The paired-samples t test can be used to compare two scores for either the same subjects (repeated measures) or matched pairs of scores. The paired-samples t test is a special case of the one-sample t test in that the data of interest are the differences between the paired scores. Similarly, when you have ordinal data, a nonparametric alternative to the one-sample t test is the Wilcoxon signed rank test, which also applies to paired data. The paired-samples t test typically is used to test the hypothesis that the mean difference is zero against the alternative that the mean difference is not zero. Scale data that have been converted to ranks because the data are non-normal or data collected as ranks originally may be analyzed with the Wilcoxon signed rank test.

Assume there is a proposal to build a new school in a residential neighborhood. At the last town council meeting, results of a poll of 13 people in the neighborhood were presented as evidence that there is support for the new school. Unfortunately, the data collection tool was developed by one of the neighborhood residents, and yielded only ordinal data. Here are 13 hypothetical responses (see Table 10-1). Nine of the 13 respondents indicated the school should be built either immediately or soon. There is ordinality to the responses, but they are not on an interval scale. We can transform the responses to ordinal scores from 1 to 5 and test the hypothesis that the average score is 3 (no opinion) against the alternative that the median score is not equal to 3 (no opinion). We see that resident 8 has no opinion. The customary practice is to discard observations that lead to a zero difference between the score and the test value, so we will create the data frame omitting resident 8.

Table 10-1. Hypothetical Opinion Poll Results

The transformed scores are as follows.

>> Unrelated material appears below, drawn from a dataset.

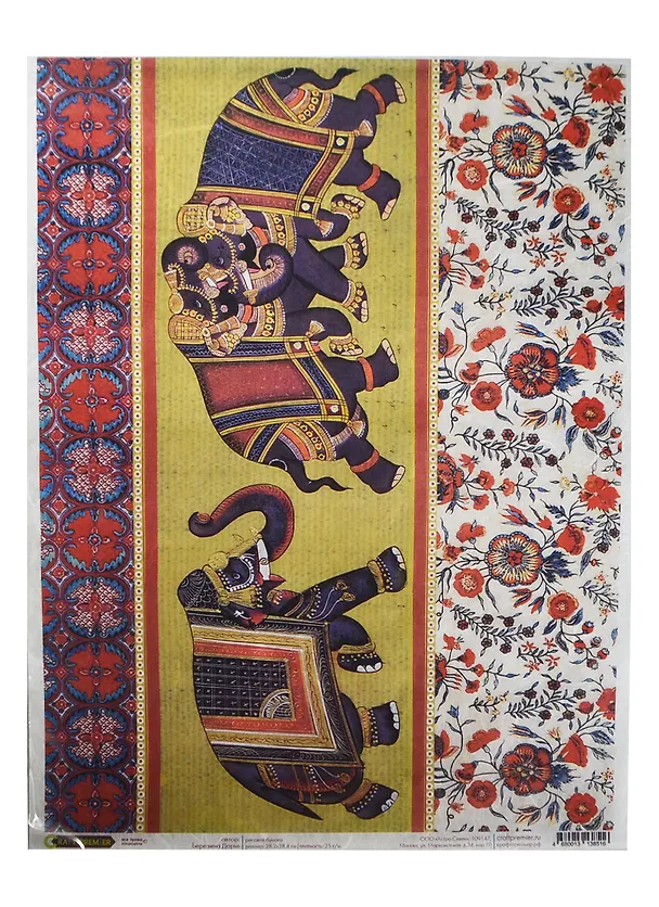 Рисовая бумага для декупажа Craft Premier Индийские слоны (CP08516) (28,2х38,4см) (25г/м) (упаковка) (Астра Севен)

I included a column for the test value, 3, and the difference between the individual’s ranking and the test value for instructive purposes, but these are not used in the test. Instead, one specifies the column of scores and the test value in the arguments to the wilcox.test function. Although the test value is technically a hypothetical median score, the function labels this as mu.

> schoolPoll
person score testValue diff
1 1 1 3 -2
2 2 2 3 -1
3 3 4 3 1
4 4 4 3 1
5 5 4 3 1
6 6 5 3 2
7 7 4 3 1
9 9 2 3 -1
10 10 4 3 1
11 11 5 3 2
12 12 5 3 2
13 13 4 3 1

> wilcox.test(schoolPoll\$score, mu = 3)

Wilcoxon signed rank test with continuity correction

data: schoolPoll\$score
V = 58.5, p-value = 0.1217
alternative hypothesis: true location is not equal to 3

Warning message:
In wilcox.test.default(schoolPoll\$score, mu = 3) :
cannot compute exact p-value with ties

The test shows that the median score is not significantly different from the test value of 3. For the sake of comparison, the output from SPSS for the Wilcoxon signed rank test for the same data is shown in Figure 10-1. Unsurprisingly, the two programs produce the same result. The inquisitive reader may want to repeat this test using the column of difference scores as the data and with the test value set to zero. The results should be identical to those of the test on the scores themselves.

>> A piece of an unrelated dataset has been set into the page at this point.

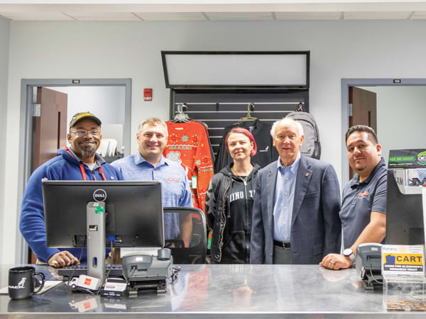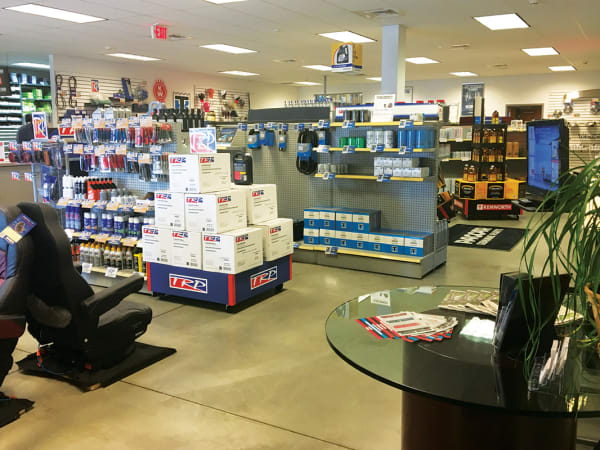 Transource Trucks has a parts inventory of more than $8 million. Dealer of the Year Finalist Jim Bland, vice president, is second from right.
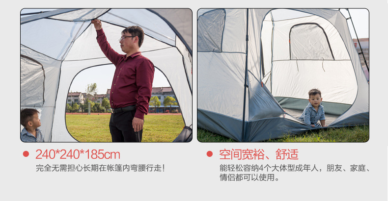 ▸加大帳篷空間,輕鬆容納4-5人,無需彎腰行走。

Figure 10-1. SPSS output for the Wilcoxon signed rank test

Recipe 10-2. Two-Sample Tests for Related Means, Ranks, and Proportions

Problem

Two-sample tests are many researchers’ stock in trade. The independent-samples t test is probably the most frequently used hypothesis test in many fields of research. We have discussed the one-sample t test and its relationship to the paired-samples t test, but let’s illustrate it again here. We will also discuss the independent-samples t tests, both assuming equal variances in the population and assuming unequal variances. Finally, we will discuss nonparametric tests for two samples using nominal and ordinal data.

Solution

The paired-samples t test is a special case of the one-sample t test, as we have discussed. Just as we did with the imaginary poll data in Recipe 10-1, we can calculate a column of difference scores for the pairs of observations. Testing the hypothesis that the mean difference is zero shows that there is really just one sample, the difference scores. The degrees of freedom correspond to the number of pairs minus 1, rather than the total number of observations.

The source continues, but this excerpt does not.